Kocaeli’nin nüfusu artıyor, bugün olduğu üzere artış artarsa yakında 3 milyon olabilir. Artan nüfusun çöp çıkarma sayısı da artar. Kocaeli 825 gram günlük kişi başı çöp çıkıyor. Günlük üretilen çöp ise 1850-1950 ton. Bu çöpün bertaraf edilmesi kural. Kocaeli’nin çöpünü İstanbul ya da Sakarya’ya götürecek hali yok. Arkadaşlar bir komite kurulduğunu ve çeşitli yerlerin tesis için önerildiğini ama bu yerlerin kabul görmediğini söylediler. Kandıra’daki yapılmak istenen yerde ise yaşayan beşerler var ve bu tesisin neden bu bölgede yapılmaması gerektiğini ortaya koymuşlar. Ülkemizdeki çöp karmadır, gerekli ayrıştırmayı yapmadan çöpü attığınız için çöpün maliyeti de çok artıyor.

Kocaeli’nin çöpleri ne oluyor? İZAYDAŞ tesisinde bu çöpler yakılarak yok ediliyor. Bu nedenden ötürü Kocaeli Büyükşehir Belediyesi ‘Bu çöpü yakmayalım’ diyor ve yurt dışından modellere bakıyor. Sonucunda kurutmalı sistemi buluyor. Çöpten yakıt üretip çimento üreten fabrikalara satmayı düşünüyor. Yapılmak istenen alanı gördüm, orası yeşil bir alan. Bunu unutmamak lazım. 50 ağaç bölümü yapılacağını Kandıralılar, 5 bin ağaç kesileceğini de Kocaeli Büyükşehir Belediyesi söylüyor. Büyükşehir etrafa 3 bin çam ağacı çekileceğini de tabir ediyor. Bölge su kaynakları açısından kıymetli ve korumak gerekir, bölge Roma periyodundan kalma tarihi bir bölge. Arkeolojik açıdan değerli bir alan Akçakese.
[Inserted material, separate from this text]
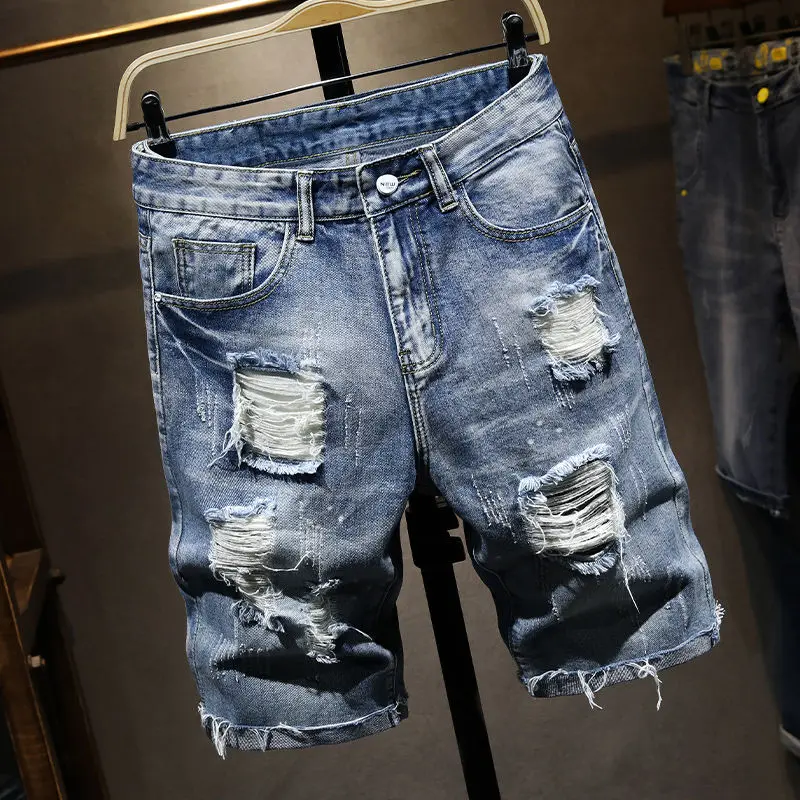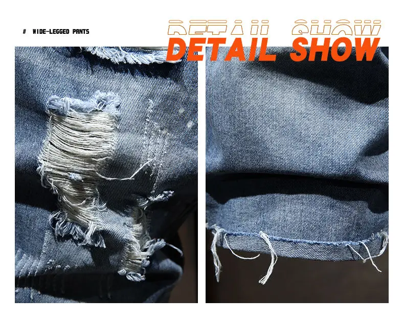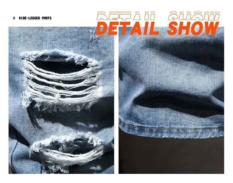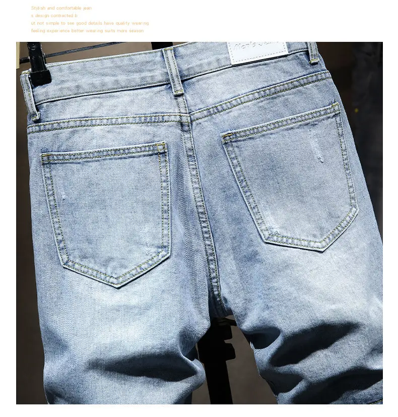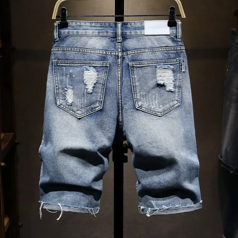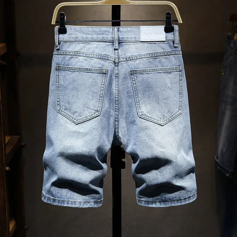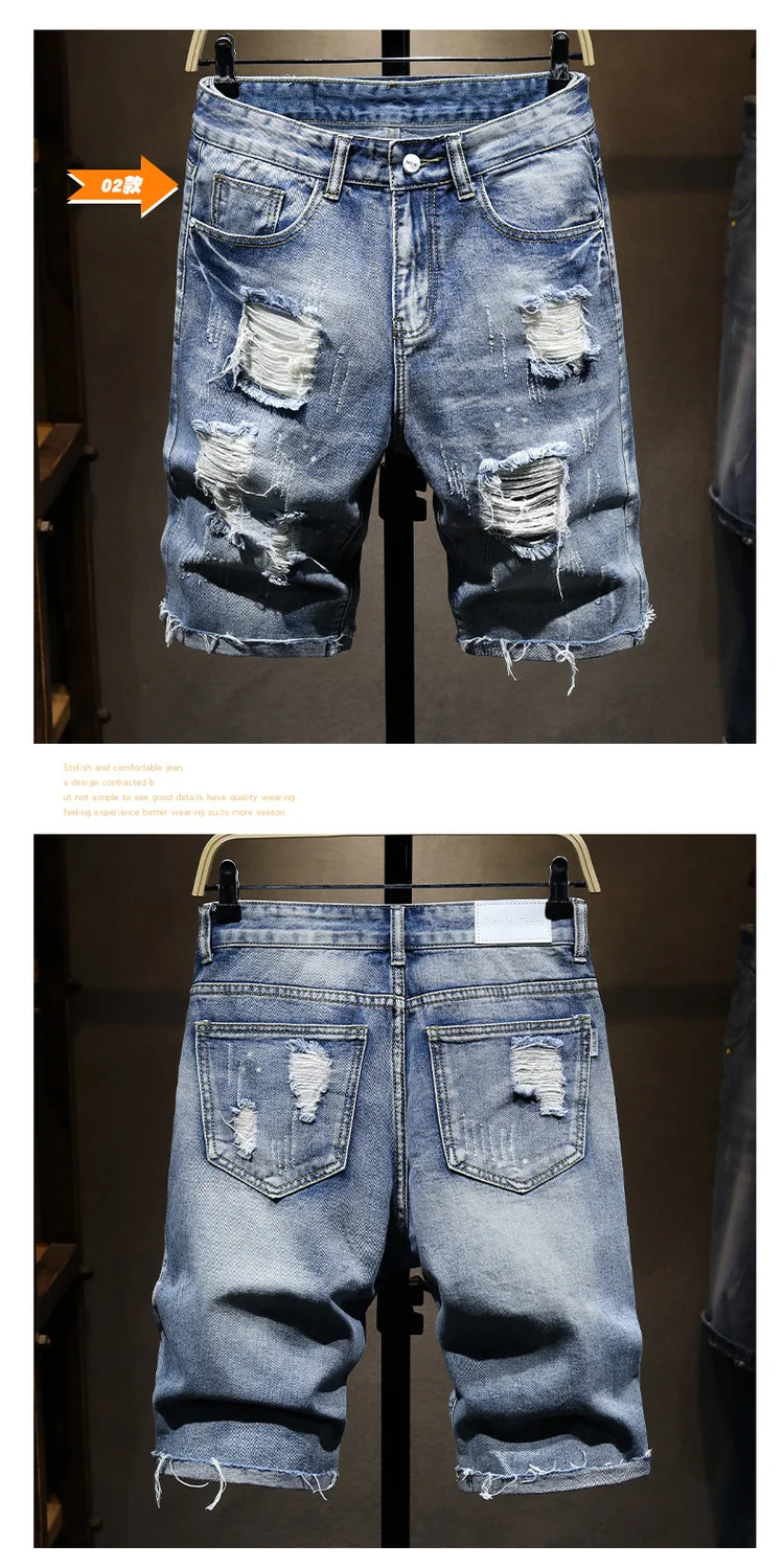 Summer thin denim shorts men’s trend light blue color fashion pants loose personality ripped jeans men clothes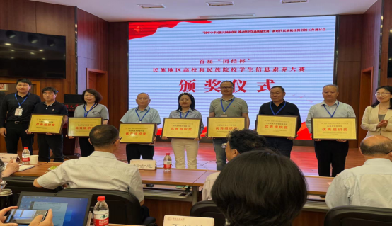 中央民族大学图书馆副馆长杨蔚宇主持开幕式,中国图书馆学会常务理事、高等学校图书馆分会副主任委员刘后滨、中央民族大学党委副书记邹吉忠到会致辞,中央民族大学发展规划处处长张焰、中央民族大学图书馆馆长刘明新分别发言,国家民委理论研究司二级巡视员戢广南讲话。颁奖仪式上,我馆组织参加的首届“团结杯”民族地区高校和民族院校学生信息素养大赛获优秀组织奖。

Değerli sular boş boş akıyor, İSU bunu kıymetlendirmeli. Bol su var, Sarısu toplama çanağına toplanıp Karadeniz’e dökülüyor. Su çok pahalı, petrolden de bedelli. Kandıralı çevreciler, bu tesiste ‘Evet, kurutmalı olacak lakin kalıntılar ne olacak?’ diyor. Tesis içerisinde vadiler var, o alanlara toplanma olacak. Tesiste hiçbir atığın biyolojik atık olmayacağı söyleniyor. Kandıra cennet üzere bir yer. Oraya F Tipi Cezaevi yapılması kıyımın başladığını en somut göstergesi. Kandıra yapılan OSB ve çeşitli yapılara doldurulmaya başlandı. Tesis yapılınca kamyonların gidip geleceği söyleniyor ancak Kocaeli Büyükşehir Belediyesi bunun bu türlü olamayacağımı tam olarak bu türlü olmayacağını söz ediyor.

Projede biriktirme alanları var, bu alanlara lot1, lot2 üzere isimler koyulmuş durunda. Kandıra’da geçirgenliği ve gözenekli geçirimi olan toprak var. Sarsıntı olması halinde ne olacağı Kocaeli Büyükşehir Belediyesi ile AFAD tarafından çalışılmış. Bu tesisin tek katlı olacağı belirlenmiş. Sarsıntı deneyi çalışılmış, bölgede olacak bir sarsıntıdan etkilenme oranı 0,1 gal olarak belirlenmiş. Bu da zelzeleden etkilenme durumunun hayli düşük olduğunu ortaya koyuyor. Geçmişte olmuş zelzelelere baktığımızda alanın zelzele açısından sorunsuz olduğu görülüyor. Tamam, bölge sarsıntı açısından inançlı de burası yerleşim açılmalı mı?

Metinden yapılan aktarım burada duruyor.